**Work item:**
Please set down only the lines below starting with the line with "Breakdown of Generation" and going on through the line with "然后跟随欧吉尔德落到大厅,才", verbatim and without pictures.

**Material for this task:**
+ + + +
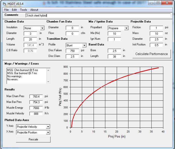 As you can see, without the need for a chamber fan (pressurizing the system agitates the mixture in and of itself) you're already at ridiculous power levels, well beyond .338 Lapua Magnum.
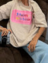 Oversized tee with a ticket print graphic. Ribbed neckline and relaxed fit.
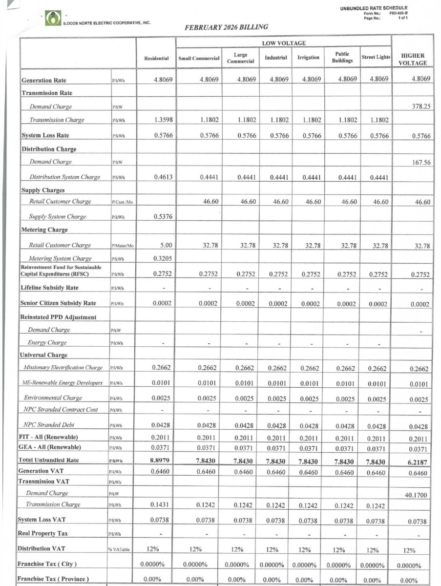 Breakdown of Generation Charge/ Unbundled Rates 2025
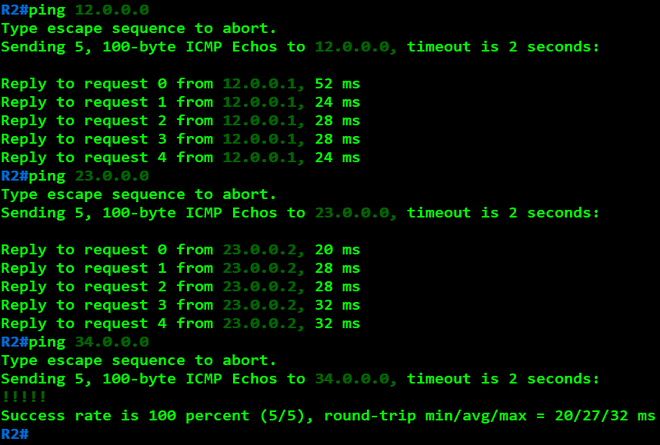R2(config)#int f0/0 R2(config-if)#ip address 12.0.0.2 255.255.255.0 R2(config-if)#no shutdown R2(config-if)#int f1/0 R2(config-if)#ip address 23.0.0.1 255.255.255.0 R2(config-if)#no shutdown
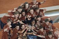 Winner Coco Gauff of the U.S. and ball boys and girls pose with the trophy after the final match of the French Tennis Open against Aryna Sabalenka of Belarus at the Roland-Garros stadium in Paris, Saturday, June 7, 2025. (AP Photo/Christophe Ena)
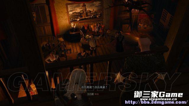 然后跟随欧吉尔德落到大厅,才得知这帮人也不是什么好家伙(众人疯狂地崇拜欧吉尔德),他们占据了这个庄园,而且将庄园主的女儿当成仆人来差遣,但杰洛特并不理会此事,他是因委托而来的。
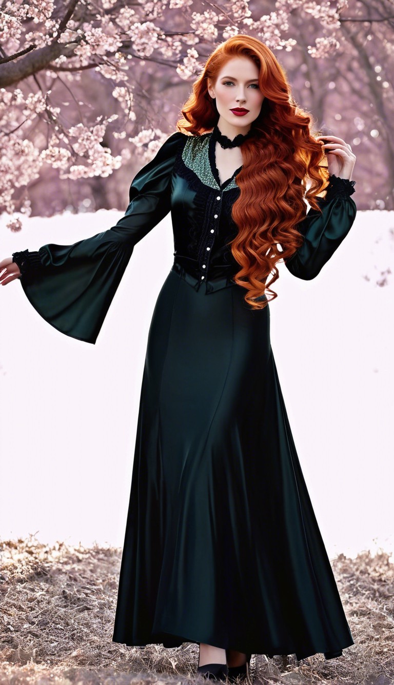 Prompt: Vibrant red hair flowing in sleek, curly waves, each streak is gleaming with reflections, harmonizing with the iridescence of the background. The woman's Edwardian blouse and a crackled garment are seamless, blending with her vintage allure, emitting a captivating ethereal glow.Her satin dress intricately designed with tiny metallic parts and metallic ornate, exuding an energy that enhances her gothical aesthetic. Multi-layered eyes show a deep, piercing shade of red, captivating and intense. The smooth, textured surface of her skin is shining beautifully, complementing the tessellated flow of her hair, creating a seamless blend of nature and beauty. Her expression exudes uplifting confidence, embodying a fusion of strength and grace. The backdrop features a iced lake and a stylized winter landscape with pale blossoms, intricately detailed like icy celestial jewels, saturated in hues of purple, pink, and auburn, adding depth and dimension to the scene. The art style encompasses divisionism and maximalism, radiating a vibrant aura. Subtle elements like floating flares and shimmering reflections play with light and shadow, enhancing the visionary depth of the composition. Rim lighting adds a touch of visionary depth, enriching the overall visual impact.This visually striking composition is rendered in 8k resolution, utilizing HDR to bring out the vivid colors and intricate details. The use of a Canon EOS R5 with a 135mm lens ensures a sharp focus and depth of field, capturing stunning beauty and harmonious aesthetics. Parallax occlusion 1.2 ,stylization by Georgia O'Keeffe and benno hauber, hues by freda people, full body portraiture in saturated colors 1.7, foampunk 1.4, hallucinatory, sculpted, cel-shaded, dethereal, detailed branches, trans-Avantgarde reference, stacked-up perspective, hues by Georgia O'Keeffe, colored spaces, overall stylized illustration
+ + + +
**Answer for this exercise:**
 Breakdown of Generation Charge/ Unbundled Rates 2025
R2(config)#int f0/0 R2(config-if)#ip address 12.0.0.2 255.255.255.0 R2(config-if)#no shutdown R2(config-if)#int f1/0 R2(config-if)#ip address 23.0.0.1 255.255.255.0 R2(config-if)#no shutdown
 Winner Coco Gauff of the U.S. and ball boys and girls pose with the trophy after the final match of the French Tennis Open against Aryna Sabalenka of Belarus at the Roland-Garros stadium in Paris, Saturday, June 7, 2025. (AP Photo/Christophe Ena)
 然后跟随欧吉尔德落到大厅,才得知这帮人也不是什么好家伙(众人疯狂地崇拜欧吉尔德),他们占据了这个庄园,而且将庄园主的女儿当成仆人来差遣,但杰洛特并不理会此事,他是因委托而来的。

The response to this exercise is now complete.